In the past, many Muslims – including those not part of the Rohingya community – served in respectable and high-ranking positions in government, law enforcement, the legal system, the medical community, academia and even the military. But, according to Aung, the government stopped accepting Muslims’ applications to these jobs years ago – cutting off many Rohingyas’ rights and representation. Today, the community is a prisoner in its own country constrained by restrictions on movement, land confiscation, pervasive surveillance and extortion.
“It is very difficult to get proper teachers – all the educated teachers were working for NGOs where they could get higher salary. Communication is very bad. All the roads were broken. No electricity was supplied to the Muslim area, and I could not go to my own land,” explains Aung. “There were two check points. If I wanted to go to downtown or to the State Immigration office, I would have to get permission from the security office to get security police. If I did get permission, then I would have to give them 25,000 Kyats [or USD 19] to cover their travel costs.”
But this was not a situation unique to Aung. Nearly one million Rohingyas have fled Myanmar since the late 1970s, and many of those who remain live in internally displaced person (IDP) camps in Sittwe, the capital of Myanmar’s Rakhine State, where conditions put even more lives at risk.
“The Muslims in Sittwe have been more restricted after the 2012 anti-Muslim violence,” Aung explains. “I cannot work openly. I cannot travel freely. I cannot speak out openly. The authorities do not listen to my voice and the government does not ask about our suffering.”
This is suffering that many claim comes at the hands of the government itself. Government troops have been accused of human rights abuses including murder, rape, kidnapping and arson – allegations the government repeatedly denies.
Amid such chaos, it is hard to believe that Aung’s 12 collective years of imprisonment have all come about as a result of peaceful and non-violent protests. His first arrest came when the government tried to confiscate lands from the Rohingyas, which Aung protested by drafting and submitting a legal petition. It was for this act that he was in captivity for two years, not released until fellow inmates destroyed the prison itself during a mass demonstration in 1988.
Decades and nearly a dozen internments later, Aung refuses to relinquish hope for his community, working tirelessly to improve educational opportunities for his people – both young and old. The obstacles he has encountered are numerous and burdensome: from salaries for teachers, furniture for schools and basic means of transportation. Nonetheless, he perseveres.

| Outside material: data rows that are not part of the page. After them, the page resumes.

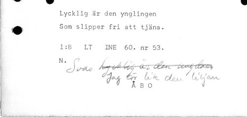 //// Lycklig är den ynglingen //// j Som slipper fri att tjäna. //// 1:8 LT INE 60. nr 53. //// ÅBO ^ //// . ////
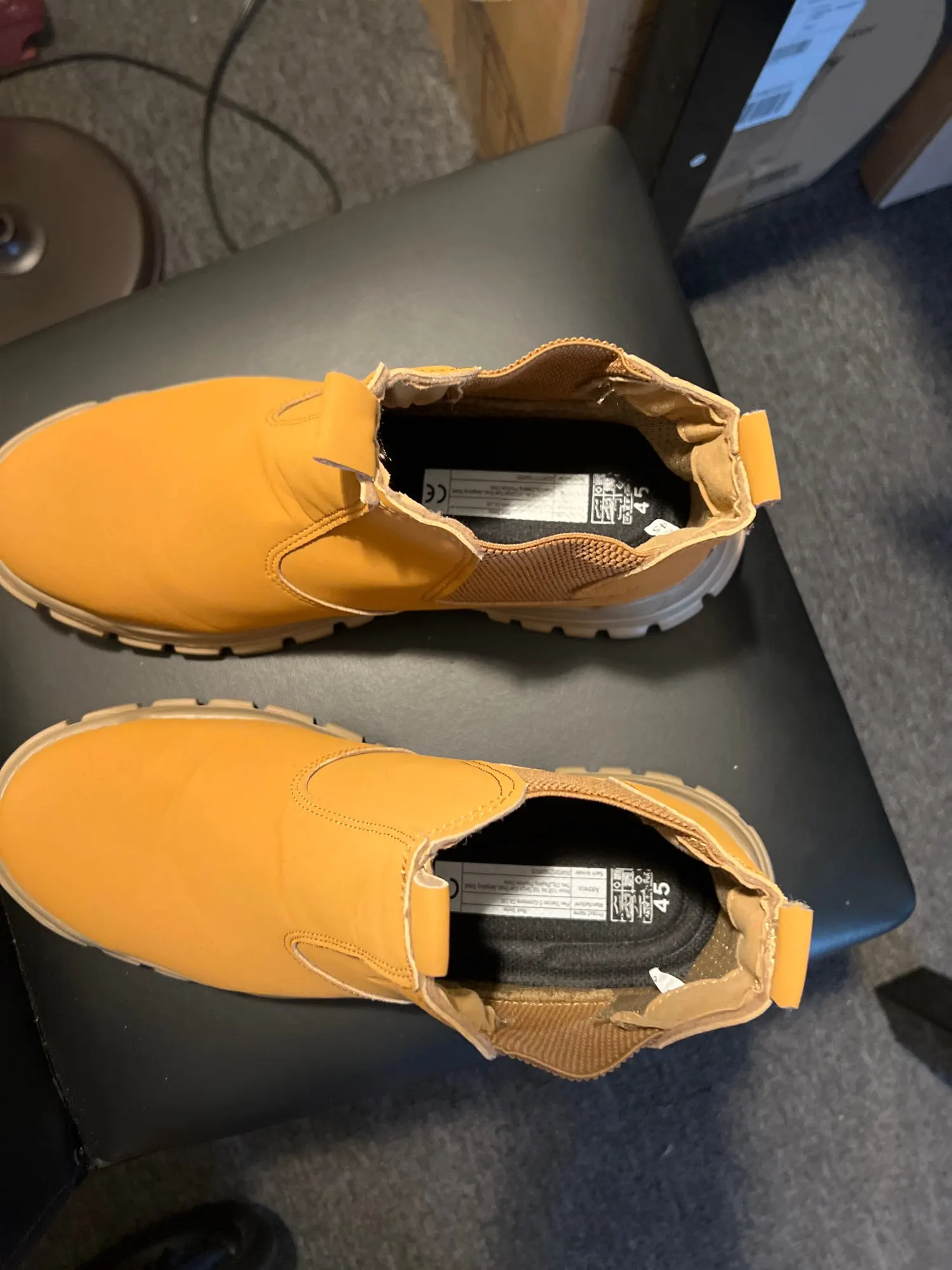 The shoes are of good quality, don’t pay attention to the reviews that say they are big, they are the same size as the safety shoes sold at LIDL. (I took the reviews into account and ordered size 45 which is tight for me).
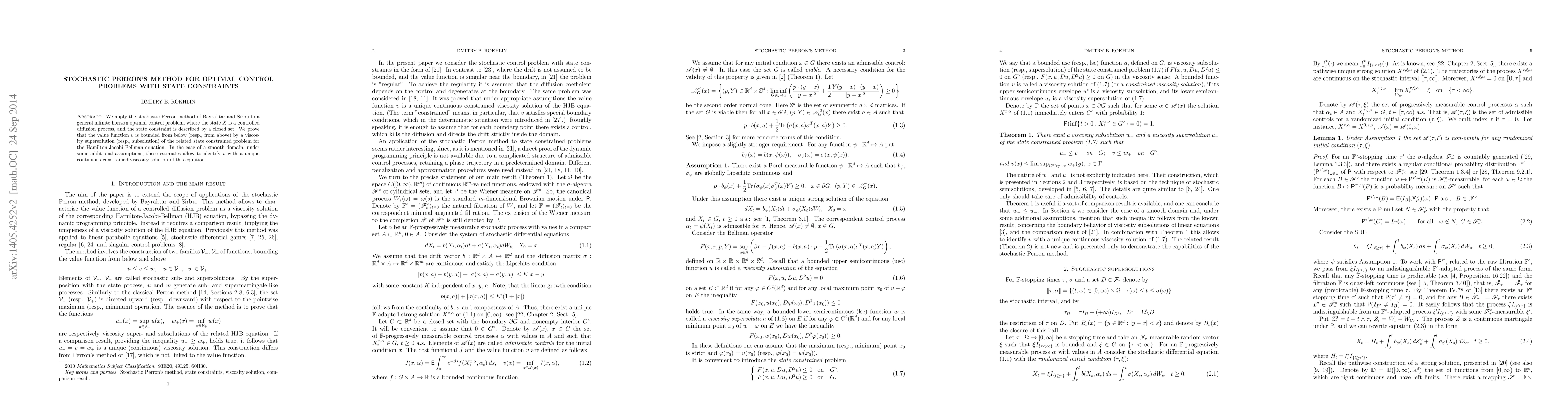 This research applies stochastic Perron's method to solve infinite horizon optimal control problems with state constraints, proving that the value function is bounded by related viscosity solutions of the Hamilton-Jacobi-Bellman equation.
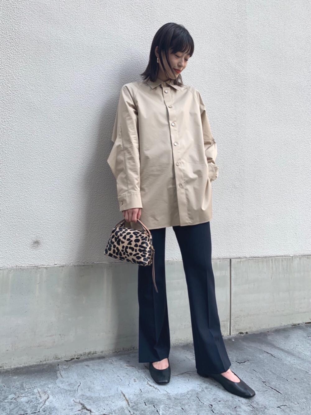 バックスタイルに存在感のあるコーディネートしました。アクセントに柄のバッグを取り入れたのがポイントです。

Aung’s fight for education is fueled by his foreshadowing of imminent harm – to allow the government to deny his people’s education allows them to discriminate against the Rohingyas.
“The authorities have been trying to make all the Muslims illiterate to become poorer. It is their policy to make the people illiterate, so that they can accuse uneducated Muslims of being immigrants from Bangladesh,” he explains. “[Without education], the people are afraid to ask any questions about their rights.”

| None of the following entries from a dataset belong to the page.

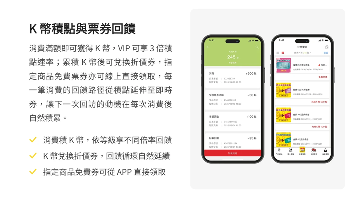 K 幣的兌換機制進一步讓積累的回饋轉化為具體的消費誘因。會員可將累積的 K 幣兌換為 折價券,在後續消費中直接折抵,使每一輪積點都自然指向下一次回訪。指定商品的免費優惠票券亦可直接從光南好站 APP 線上領取,不需等待現場發放,即時性的取得方式讓優惠的觸及效益更完整,也使消費者在離開門市後仍持續與品牌保有資訊連結。
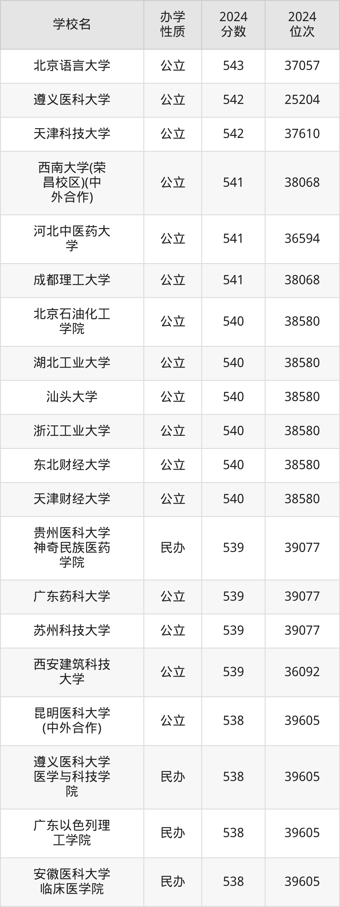 | 昆明医科大学 (中外合作) | 538 | 39605 |
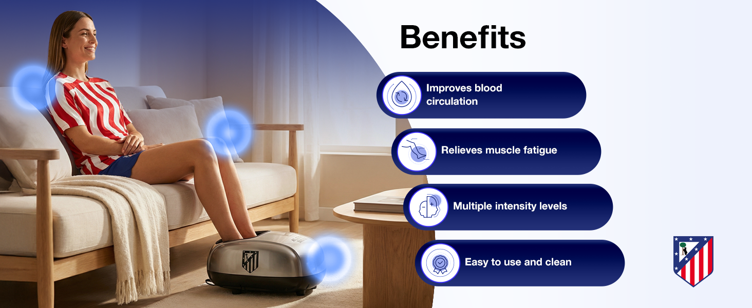 The RELAX ATLETI foot massager – an Official Product of Club Atlético de Madrid – combines compression from 60 airbags, Shiatsu massage, vibration and infrared heat to stimulate circulation and relieve fatigue

As difficult as this work is on Aung, it may take an even greater toll on his family – left with little to eat and nowhere to stay during his time in prison. “My children did not have enough clothes, books, other materials and even umbrellas to go to the school,” he recalls.
But the plight of his people drives Aung to continue his thankless work. And he sees education as the key to breaking the cycle of abuse.
“We primarily need more teachers for education and facilities to improve the health care sector,” Aung notes. “500 to 1,000 people could die every year without a good health care system, but the whole community would die within a few years without good education.”